• _INSTRUCTIONS FOR THE TASK_
Give the data below again exactly, and drop each picture from it.

• _DATA BELOW_
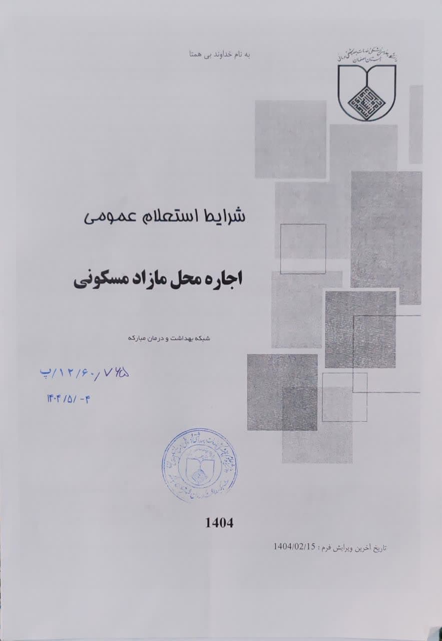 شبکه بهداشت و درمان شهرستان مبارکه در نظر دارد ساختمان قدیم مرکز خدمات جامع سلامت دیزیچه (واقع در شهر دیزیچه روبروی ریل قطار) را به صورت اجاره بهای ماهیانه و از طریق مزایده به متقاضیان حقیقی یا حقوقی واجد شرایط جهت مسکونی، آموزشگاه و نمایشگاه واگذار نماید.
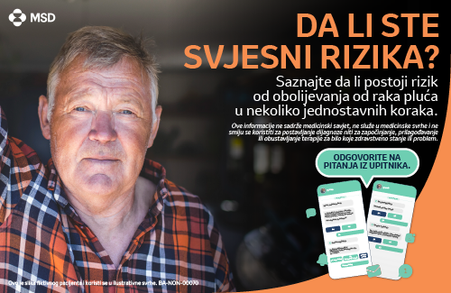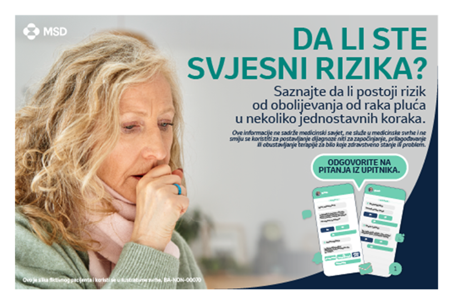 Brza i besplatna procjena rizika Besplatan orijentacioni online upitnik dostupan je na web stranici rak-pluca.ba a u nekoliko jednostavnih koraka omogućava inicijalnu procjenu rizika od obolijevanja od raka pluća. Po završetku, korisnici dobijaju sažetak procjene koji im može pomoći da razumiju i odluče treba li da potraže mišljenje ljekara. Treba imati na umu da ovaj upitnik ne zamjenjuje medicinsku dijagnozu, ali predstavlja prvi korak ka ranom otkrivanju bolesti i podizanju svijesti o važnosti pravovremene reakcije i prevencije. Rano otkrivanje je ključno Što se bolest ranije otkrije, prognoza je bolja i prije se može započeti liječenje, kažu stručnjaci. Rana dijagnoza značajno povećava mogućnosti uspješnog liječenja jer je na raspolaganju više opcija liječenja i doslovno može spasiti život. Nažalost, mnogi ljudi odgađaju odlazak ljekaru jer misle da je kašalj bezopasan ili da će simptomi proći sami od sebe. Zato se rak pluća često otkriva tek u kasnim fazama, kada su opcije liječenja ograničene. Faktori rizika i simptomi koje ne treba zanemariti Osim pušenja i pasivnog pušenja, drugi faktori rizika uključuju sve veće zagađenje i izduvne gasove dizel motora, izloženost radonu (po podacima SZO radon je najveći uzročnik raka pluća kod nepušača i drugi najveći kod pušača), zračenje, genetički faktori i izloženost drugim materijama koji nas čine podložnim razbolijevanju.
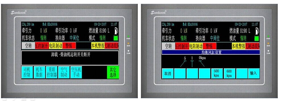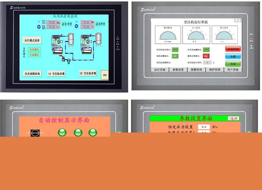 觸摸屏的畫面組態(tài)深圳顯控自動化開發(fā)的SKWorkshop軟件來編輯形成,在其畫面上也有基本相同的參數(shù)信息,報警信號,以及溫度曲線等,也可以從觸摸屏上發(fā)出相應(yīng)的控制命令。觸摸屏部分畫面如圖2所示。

• _TASK RESPONSE_
 شبکه بهداشت و درمان شهرستان مبارکه در نظر دارد ساختمان قدیم مرکز خدمات جامع سلامت دیزیچه (واقع در شهر دیزیچه روبروی ریل قطار) را به صورت اجاره بهای ماهیانه و از طریق مزایده به متقاضیان حقیقی یا حقوقی واجد شرایط جهت مسکونی، آموزشگاه و نمایشگاه واگذار نماید.
 Brza i besplatna procjena rizika Besplatan orijentacioni online upitnik dostupan je na web stranici rak-pluca.ba a u nekoliko jednostavnih koraka omogućava inicijalnu procjenu rizika od obolijevanja od raka pluća. Po završetku, korisnici dobijaju sažetak procjene koji im može pomoći da razumiju i odluče treba li da potraže mišljenje ljekara. Treba imati na umu da ovaj upitnik ne zamjenjuje medicinsku dijagnozu, ali predstavlja prvi korak ka ranom otkrivanju bolesti i podizanju svijesti o važnosti pravovremene reakcije i prevencije. Rano otkrivanje je ključno Što se bolest ranije otkrije, prognoza je bolja i prije se može započeti liječenje, kažu stručnjaci. Rana dijagnoza značajno povećava mogućnosti uspješnog liječenja jer je na raspolaganju više opcija liječenja i doslovno može spasiti život. Nažalost, mnogi ljudi odgađaju odlazak ljekaru jer misle da je kašalj bezopasan ili da će simptomi proći sami od sebe. Zato se rak pluća često otkriva tek u kasnim fazama, kada su opcije liječenja ograničene. Faktori rizika i simptomi koje ne treba zanemariti Osim pušenja i pasivnog pušenja, drugi faktori rizika uključuju sve veće zagađenje i izduvne gasove dizel motora, izloženost radonu (po podacima SZO radon je najveći uzročnik raka pluća kod nepušača i drugi najveći kod pušača), zračenje, genetički faktori i izloženost drugim materijama koji nas čine podložnim razbolijevanju.
 觸摸屏的畫面組態(tài)深圳顯控自動化開發(fā)的SKWorkshop軟件來編輯形成,在其畫面上也有基本相同的參數(shù)信息,報警信號,以及溫度曲線等,也可以從觸摸屏上發(fā)出相應(yīng)的控制命令。觸摸屏部分畫面如圖2所示。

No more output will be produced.